▶ Problem details
Everything below from the line with "Lundgaard skjorte i" through the line with "1、登錄PC微信,從設(shè)置 – 通用設(shè)置中" should be copied exactly, and nothing else; leave out the pictures.

▶ Material for the task
▶

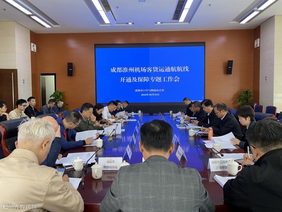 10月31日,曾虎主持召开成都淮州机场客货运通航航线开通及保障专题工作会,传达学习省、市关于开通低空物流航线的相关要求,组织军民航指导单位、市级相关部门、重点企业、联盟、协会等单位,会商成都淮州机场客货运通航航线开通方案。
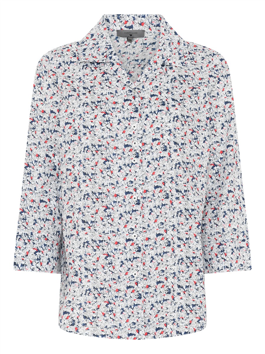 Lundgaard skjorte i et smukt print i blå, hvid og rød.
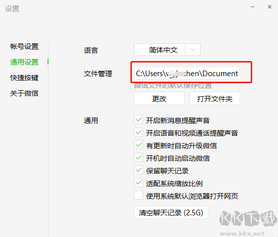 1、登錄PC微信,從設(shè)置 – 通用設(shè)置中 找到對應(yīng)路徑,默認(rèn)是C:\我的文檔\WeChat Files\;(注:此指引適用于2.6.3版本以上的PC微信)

◀
▶

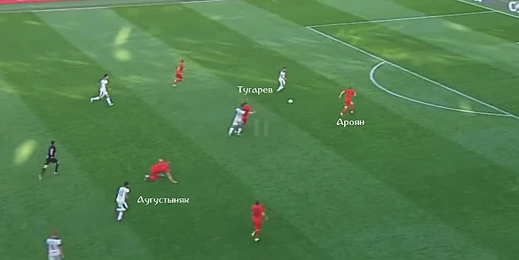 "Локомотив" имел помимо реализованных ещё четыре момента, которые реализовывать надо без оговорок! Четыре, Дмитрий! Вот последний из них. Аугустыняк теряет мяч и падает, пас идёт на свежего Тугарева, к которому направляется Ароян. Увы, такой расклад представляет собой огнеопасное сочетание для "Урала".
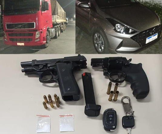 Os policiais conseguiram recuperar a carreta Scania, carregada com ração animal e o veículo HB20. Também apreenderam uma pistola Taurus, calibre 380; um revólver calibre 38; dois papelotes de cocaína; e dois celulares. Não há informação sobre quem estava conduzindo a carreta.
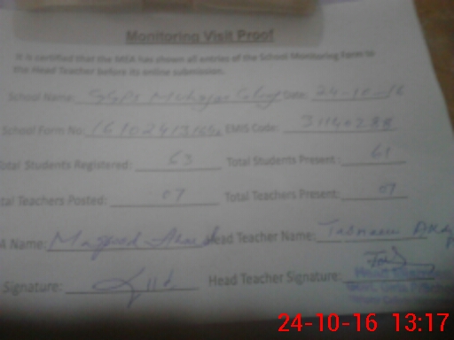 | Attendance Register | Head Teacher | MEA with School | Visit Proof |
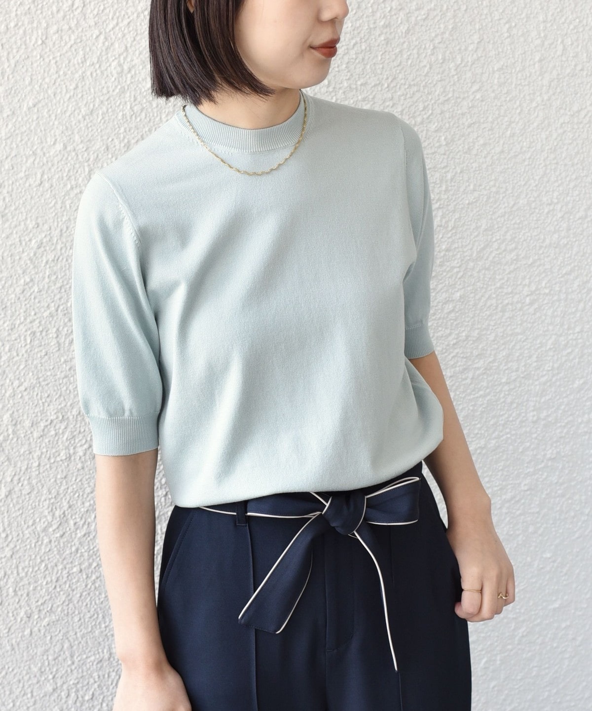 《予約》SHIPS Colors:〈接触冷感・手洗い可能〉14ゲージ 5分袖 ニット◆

◀
▶

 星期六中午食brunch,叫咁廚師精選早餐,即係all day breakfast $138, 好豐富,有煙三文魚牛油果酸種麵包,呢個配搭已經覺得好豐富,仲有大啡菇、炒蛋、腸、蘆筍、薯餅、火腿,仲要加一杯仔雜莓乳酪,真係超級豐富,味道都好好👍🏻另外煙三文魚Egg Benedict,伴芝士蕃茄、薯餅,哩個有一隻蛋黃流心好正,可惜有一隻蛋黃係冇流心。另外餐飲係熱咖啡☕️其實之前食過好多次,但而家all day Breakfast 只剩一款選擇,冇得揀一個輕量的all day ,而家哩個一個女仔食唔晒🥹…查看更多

◀

▶ Result
 Lundgaard skjorte i et smukt print i blå, hvid og rød.
 1、登錄PC微信,從設(shè)置 – 通用設(shè)置中 找到對應(yīng)路徑,默認(rèn)是C:\我的文檔\WeChat Files\;(注:此指引適用于2.6.3版本以上的PC微信)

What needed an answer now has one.